* A fascinating eyewitness combat account of America's earliest
days in the Vietnam war
* Written from the unusual perspective of a young army lieutenant
advising a veteran set-in-his-ways South Vietnamese commander
* Includes accounts of search-and-destroy operations targeting the
elusive Viet Cong
In September 1962, when Martin Dockery landed in Saigon, he was a young, determined, idealistic US Army first lieutenant convinced of America's imminent victory in Vietnam. While most of the 12,000 US military advisers in-country at the time filled support positions in Saigon and other major cities, Dockery was one of a handful of advisers assigned to Army of the Republic of Vietnam (ARVN) combat units.
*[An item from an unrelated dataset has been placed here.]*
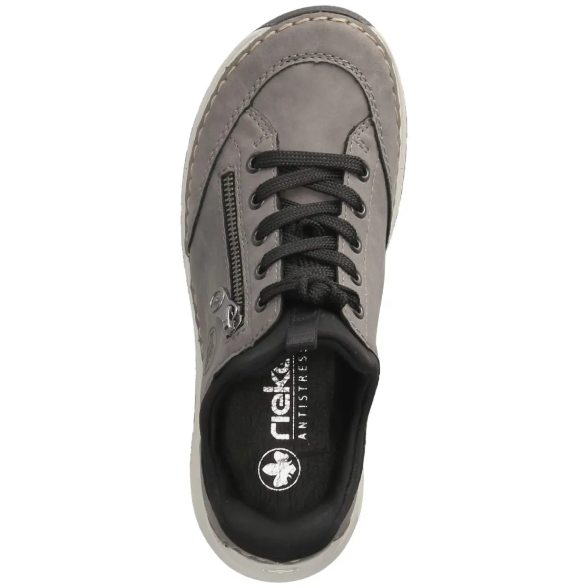 Der Slip Ins Sneaker von Rieker in Grau vereint lässigen City-Style mit komfortorientierter Ausstattung. Das Obermaterial aus Textil und Synthetik zeigt einen modernen Material-Mix, während die runde Schuhspitze und der bequem gepolsterte Einstieg entspanntes Tragen ermöglichen. Dank Schnürung lässt sich der Sitz individuell anpassen; eine praktische Anziehlasche erleichtert das Hineinschlüpfen. Markendetails und ein Zierreißverschluss setzen dezente Akzente. Die flexible, rutschhemmende Laufsohle mit Sichtfenster sorgt für dynamische Optik und sicheren Tritt, der verstärkte Zehen- und Fersenbereich addiert Stabilität. Die Lederdecksohle rundet den Tragekomfort ab. Fällt normal aus und ist auf die Bedürfnisse erwachsener Damen abgestimmt. Modetipp: Mit hell gewaschener Jeans, Feinstrick und einem grauen Trench entsteht ein müheloser, urbaner Ton-in-Ton-Look.

For eight months, Dockery lived and fought in the heart of the Mekong Delta with an ARVN infantry battalion on missions and operations that often lasted several days. And for most of that time, whether tramping through the steaming, leech-infested jungle, hiking across canals, or engaging in sudden firefights, Dockery was the only American soldier with the unit.
Dockery's solitary assignment with ARVN during the infancy of US involvement in South-East Asia afforded him an understanding of Vietnam far more profound than that of most other Americans. Lost in Translation is his riveting account of the largely overlooked role of American combat advisers in the Vietnam war.